Now this is funny. You have come here to have your children blessed only to be told that they are better left the way they are right now – as children. Actually, most often, the children are ok, and it us adults who are not. That is why the words used by our Lord in the gospel is unless you change, unless you turn and become like little children. It is us who are going in the wrong direction and unless we make a turnaround we are moving away from the kingdom of God instead of towards it. We are the ones who need the blessing of St. Therese and not the children.
I believe that each of us has a way of reaching the greatness promised by the gospel. St. Therese had her little way, St Francis had his, and Sts. Augustine and Thomas Aquinas had theirs. But this greatness could only be had when we are child-like, when we recover the qualities we had when we were children. Two things.
First is the capacity to wonder. I came to know personally of a child who died of leukemia last year at the age of eleven. His name is Jose. He used to live in the convent. Kon istoryahon mo si Jose siguradoha nga may tiempo ka kag wala ka nagadali. Kay man bisan ano ang sabat ko, bisan ano pa ang pagexplicar ko, gina-follow-up ina pirme sang pamangkot, ”ngaa haw, ngaa haw?” Sang ulihi, sang tinak-an na ako sing sabat nga sabat sa iya pamangkot, ginsingganan ko sia ”Jose ang ngalan mo subong si Jose Ngaa Haw Pasquin.” Tinulok niya ako kag nagsiling, ”ngaa haw?” Kis-a lang sa kabuhi ko nga daw mapudag-pudag ako sa kaugot, kag isa yadto sa mga bes.
One of the qualities of the child is its continual and constant openness to life. A child has an endless curiosity for things and experiences probably coming from its ability to learn more. A child has the attitude of incessantly questioning everything even his own beliefs. This is the reason why Therese stumbled upon the Little Way. Her attitude of wonder, her endless curiosity, her incessant questions had made her open to God’s loving guidance.
Why am I sick? Why do we have to go through these natural calamities? Why do I have to suffer? What is it in here that makes me happy and secure? Why am I disturbed by his attitudes? What does God want from me?
Questions of this kind, questions of wonder do not only give us the chance to explain things. It can also lead us to appreciate the deeper realities of life and God’s ways in our life. And like a child we will be led to trust more deeply. Isn’t it that Jesus said that only to the childlike can things hidden be revealed which even the wise and the learned who are so sure of themselves miss? This is one of the characteristics of a child which can lead us to greatness.

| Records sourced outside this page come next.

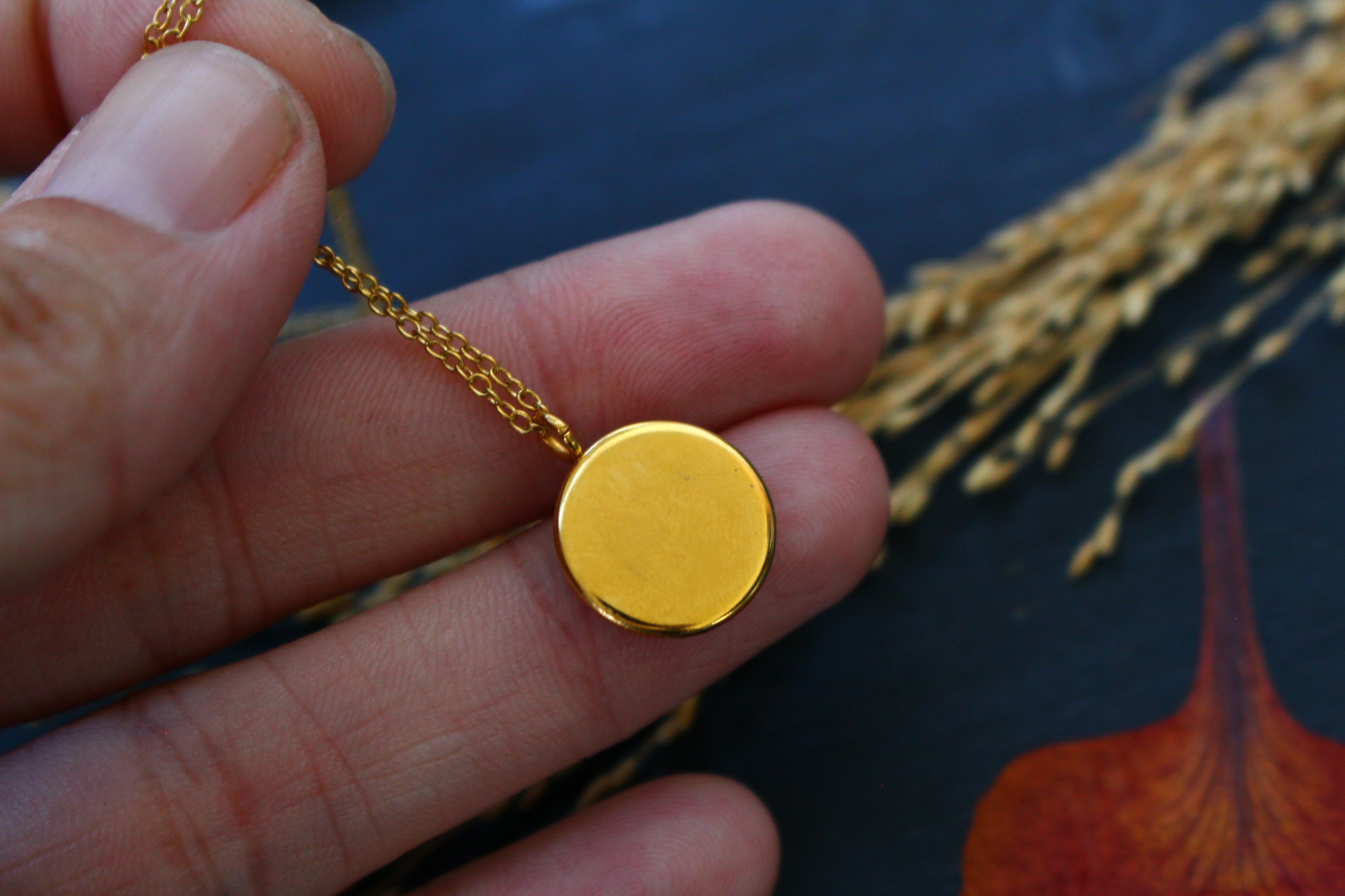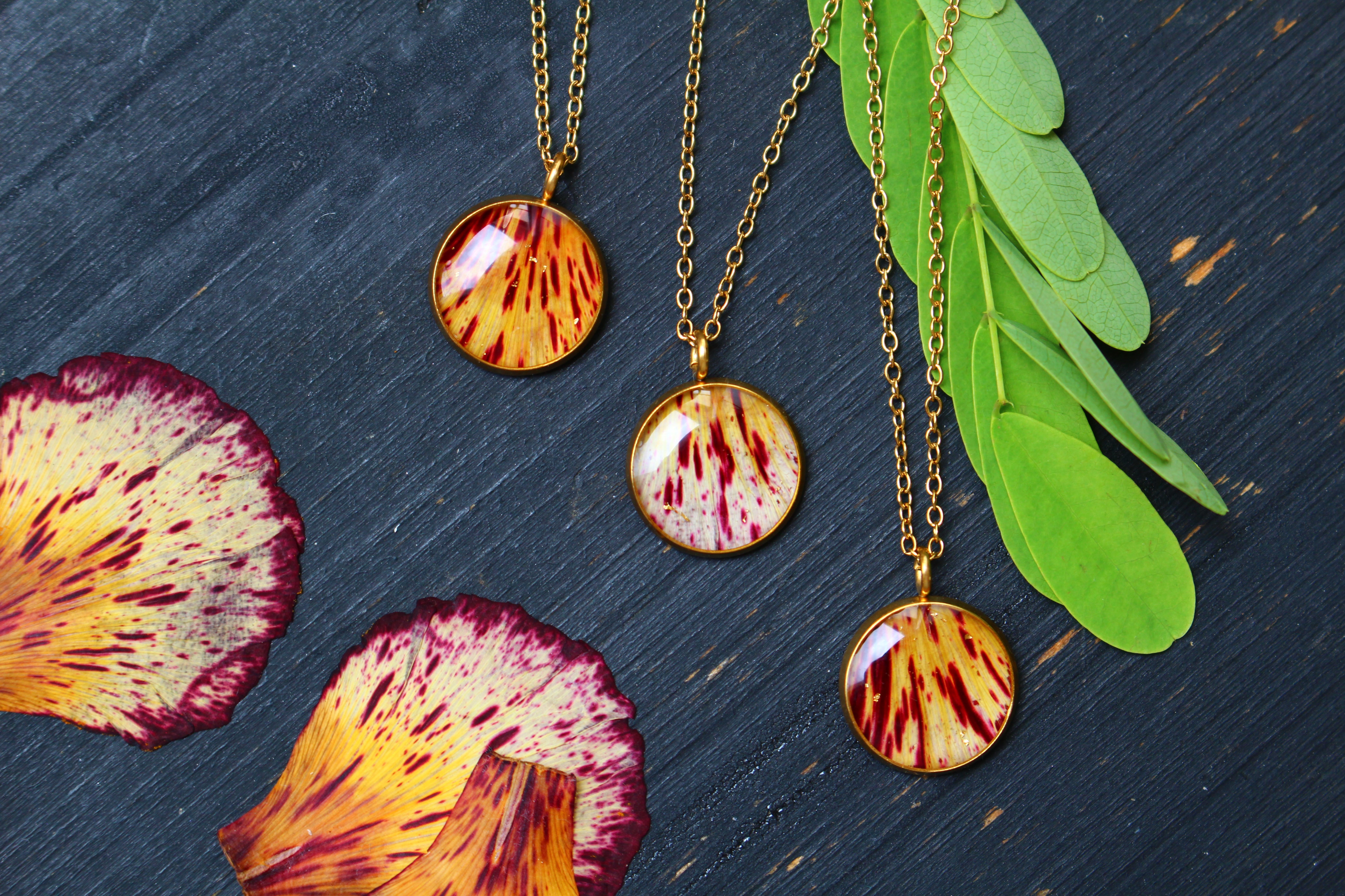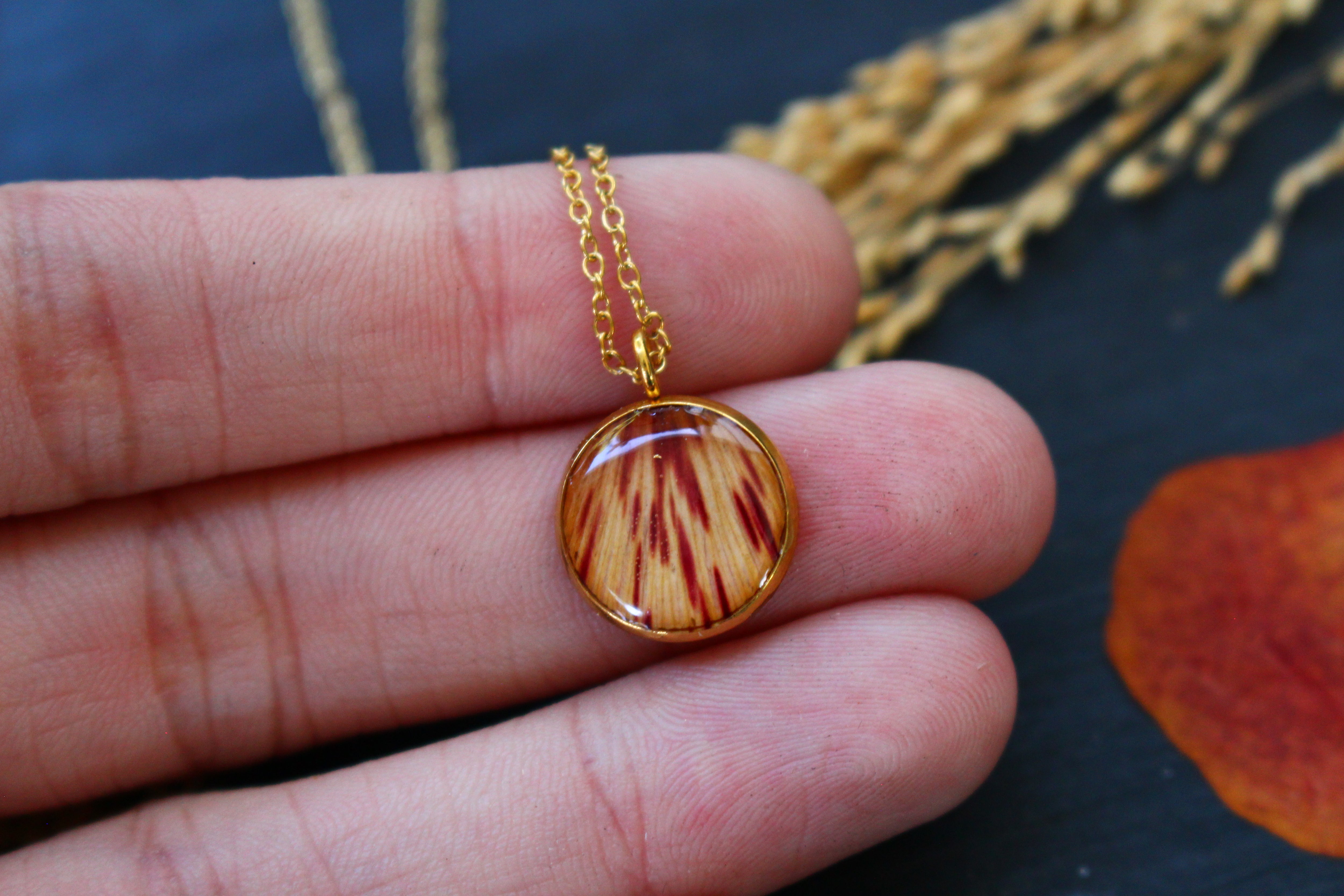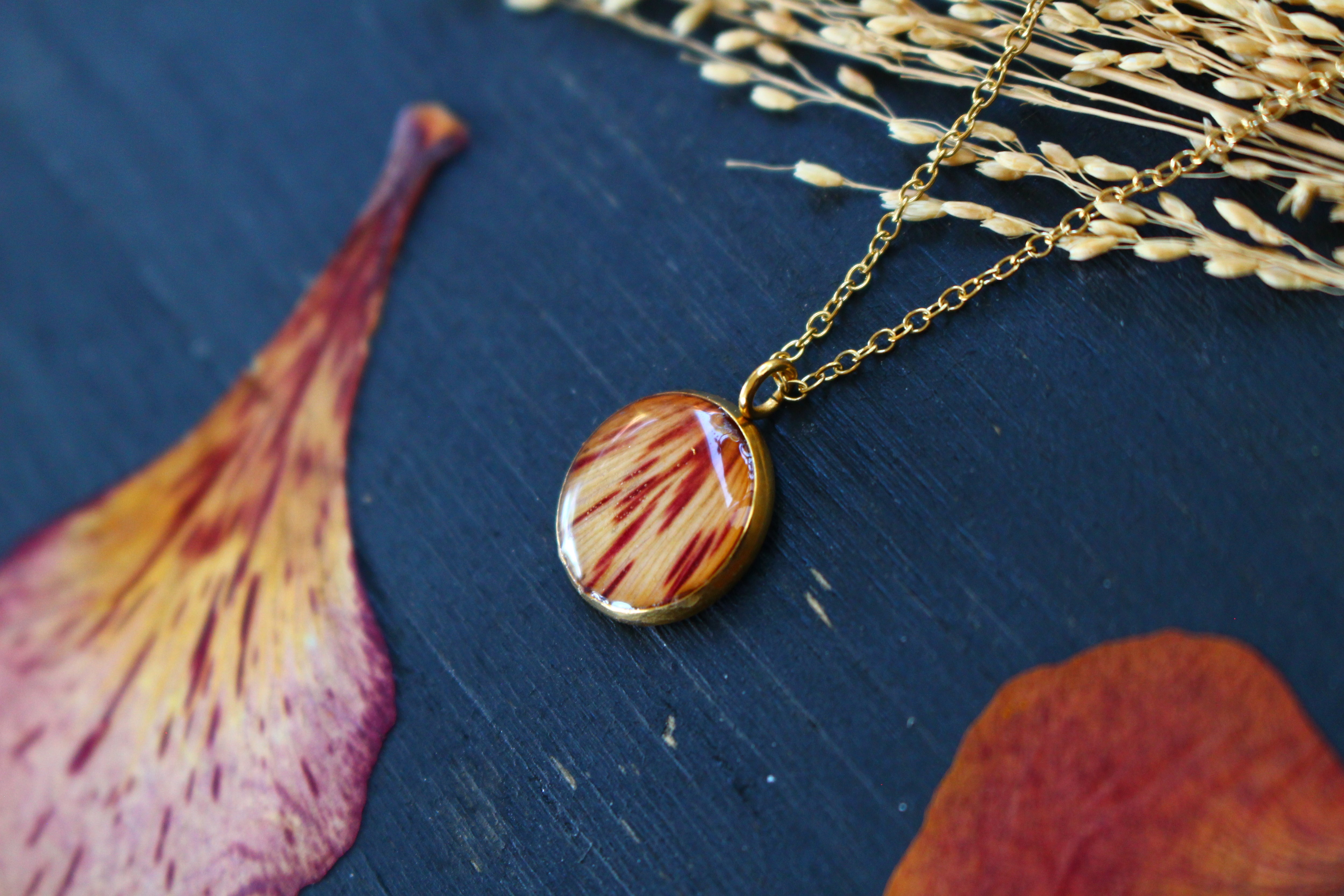 Collier composé d'un médaillon plein de 12mm de diamètre rempli de résine dans laquelle j'ai incrusté une partie d'un pétale de flamboyant et quelques paillettes de feuilles d'or
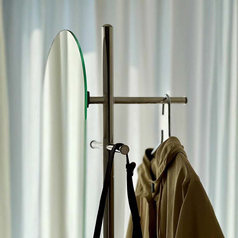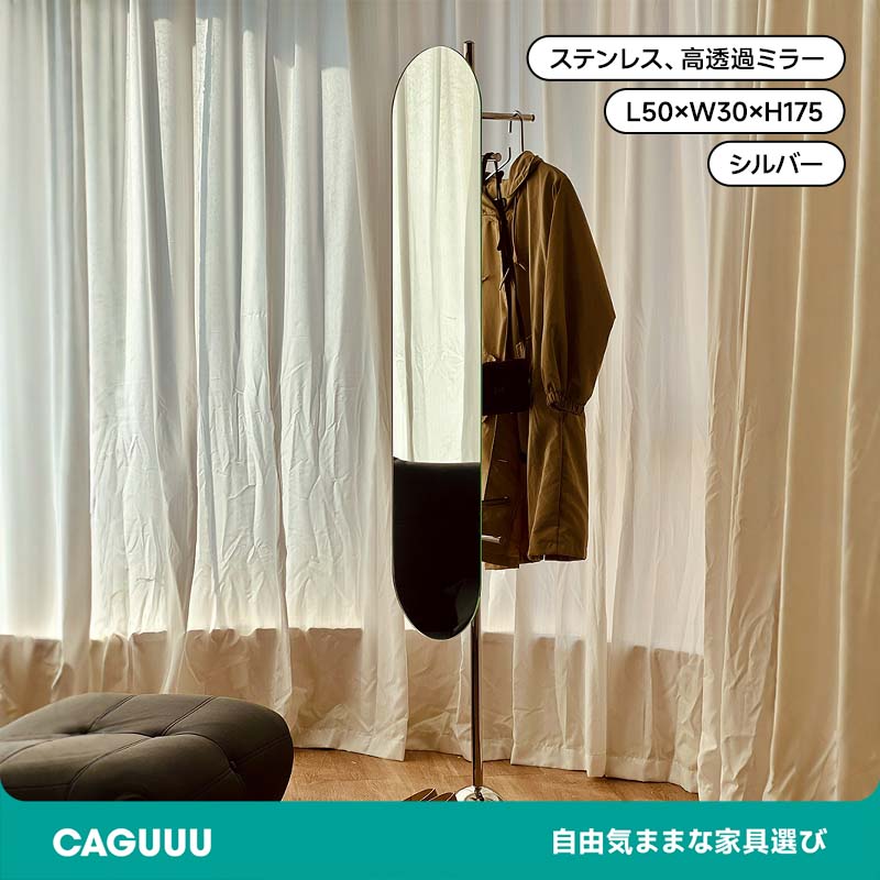 エレガントスタンドミラーは、スタイリッシュで機能的なデザインを持ち、クリアで歪みのない高品質ミラーを採用しています。高さ180cmのため、全身を美しく映し出すだけでなく、コートや帽子を掛けるハンガーラックとしても利用可能です。ステンレス製のスタンドが耐久性と安定性を提供し、丸みを帯びたデザインがどんなインテリアにもマッチします。狭いスペースでも有効活用でき、整理整頓に便利です。
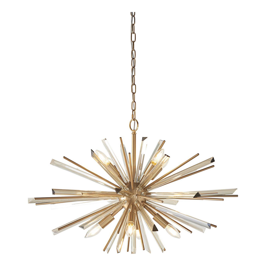 Endon 81935 - zelta lustra uz ķēdes 8xE14/40W/230V izceļas ar jauku un funkcionālu dizainu.  Spuldze ar E14 cokolu irpiemērota lampai. Šeit, varat iegādāties citas spuldzes par izdevīgām cenām. Tā būs interesants jūsu mājas papildinājums.
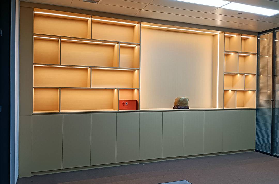 背景柜的材质也是多样的,板木、金属、玻璃......或单一简洁或相互结合,配以灯光给人一种高端大气的感觉。广州枫格家具制造产品价格是亲民的,可以满足不同企业老板的所需。
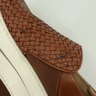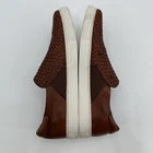 Good condition, with a couple blemishes as pictured. The H.S. Trask Woven Calfskin Brown Leather Slip On Sneakers are a stylish and comfortable option for men's casual shoes. Featuring an almond toe shape and genuine leather material, these sneakers have a slip-on closure for easy wearing. With a cushioned insole and rubber grip outsole, they are versatile for various occasions such as travel, activewear, casual outings, and workwear. The black color, logo accents, and high-quality construction make these sneakers a timeless addition to any wardrobe.

Second: We need to be simple in our relationship with God most especially in our prayers. When we were young one of the first prayers taught to us by our parents is the prayer to our guardian angel. When I was still in the elementary I prayed it but when life became more complicated I abandoned it for the more sophisticated prayers. It was only in theology that I relearned to pray the first prayer taught to me by my grandmother – the angel of God. Now even as a priest I always pray it especially before I sleep.
There is nothing wrong with sophisticated prayers and I can understand very well your excitement in praying such. The life of St. Therese has taught us that spirituality should remain childlike even as we grow higher and older, for after all prayer is an attitude, an attitude of the heart, an attitude of trust. This is a prayer which bears the imprint of that attitude which we must carry on through life – the attitude of trust, of dependence, the attitude of being led and guided. And this can be especially sensed in the simple prayers we learned when we were children. This is the child-like qualities for greatness in the kingdom of God.
We who aspire for greatness have these two little lessons from St. Therese. Be constantly curious and be simple in your relationship with God.